Champsecret est une commune de l’Orne (arr. d’Alençon, canton de Domfront) ; rien de semblable dans la toponymie dordognaise.
La Douze (arr. de Périgueux) est située à 7,5 km du chef-lieu de canton, Saint-Pierre-de Chignac ;
impossible d’identifier ou de localiser « Saint-Pierre-de-La-Douze ».
La valeur de 6,172 a indiquée pour les huit premières communes mentionnées est aberrante, mais l’écart avec l’ensemble des autres valeurs représente la trace figée, fossilisée, de systèmes de mesures prenant en compte des méthodes de travail différentes : la valeur basse vaut pour les labourages « à bras » (c’est un journal d’homme, travaillé à la bêche), les autres correspondent à un travail avec des animaux (journal de laboureur, journal de bœufs).

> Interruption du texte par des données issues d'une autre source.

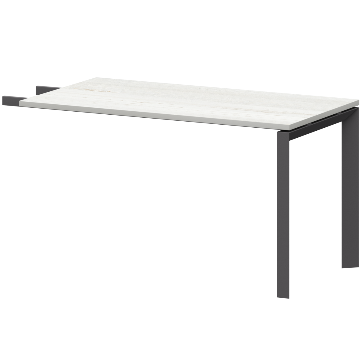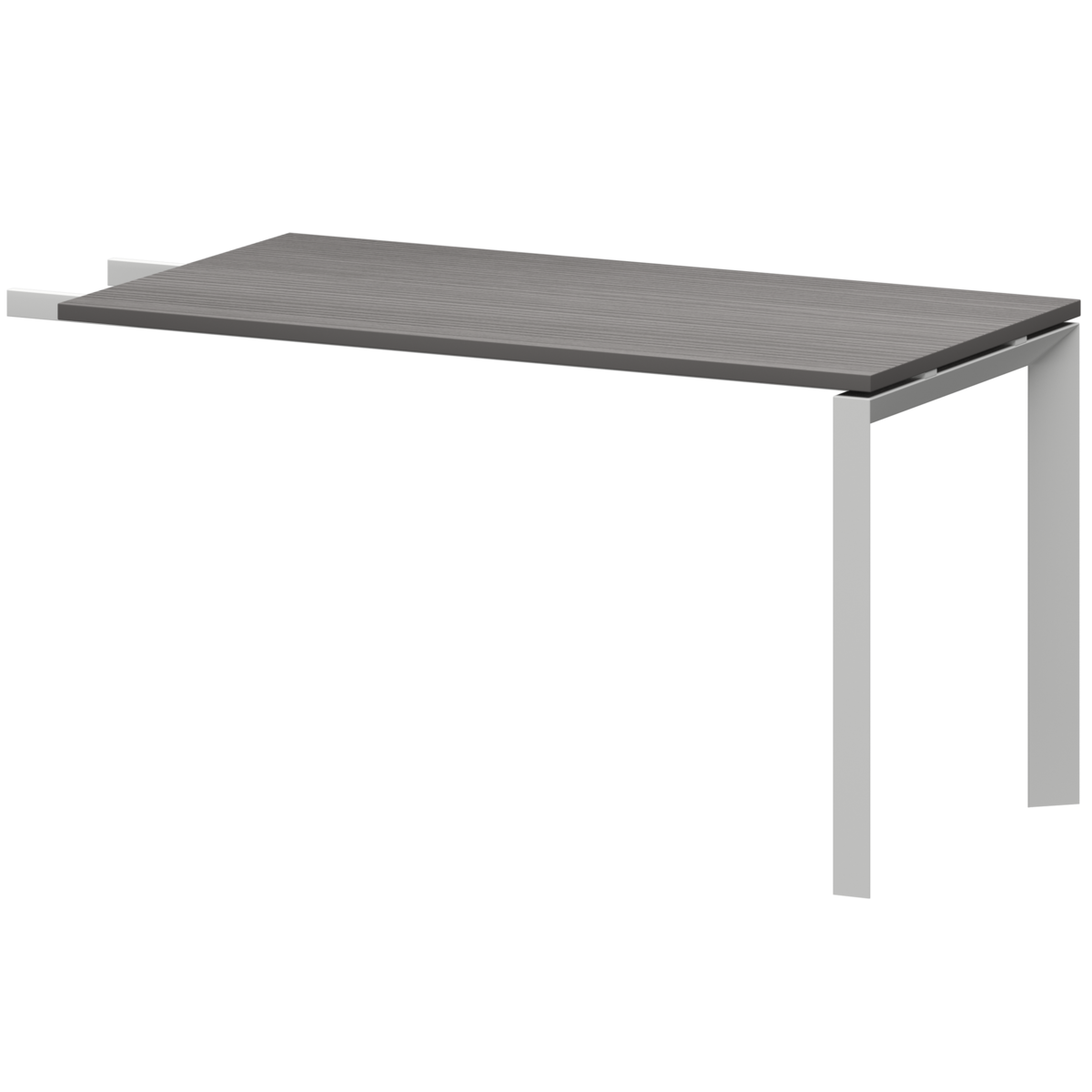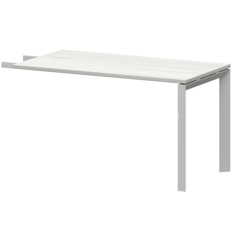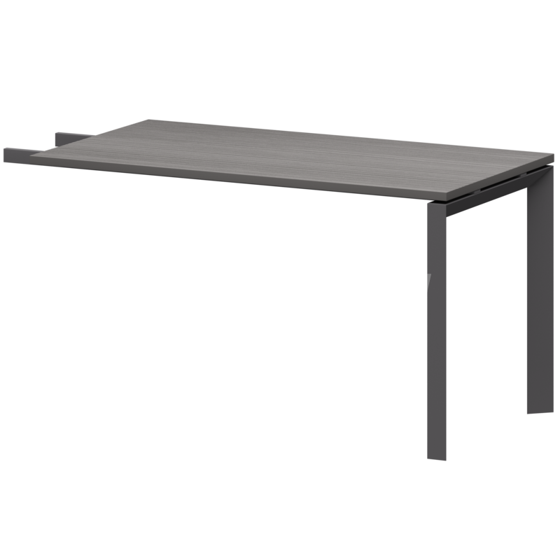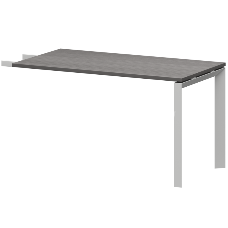 Столешницы соеденены с опорами проставками цвета матовый хром.

Au passage, cela montre aussi que le rapprochement pour le sens de journal de terre avec le jugère des Romains (singulier — inusité — iūgus, pluriel iūgera ; le terme s’est maintenu jusqu’aux Carolingiens) a ses limites : comme le mot latin l’indique, il s’agit d’une superficie susceptible d’être labourée en une journée par un attelage de bœufs (cf. iŭgum « joug »).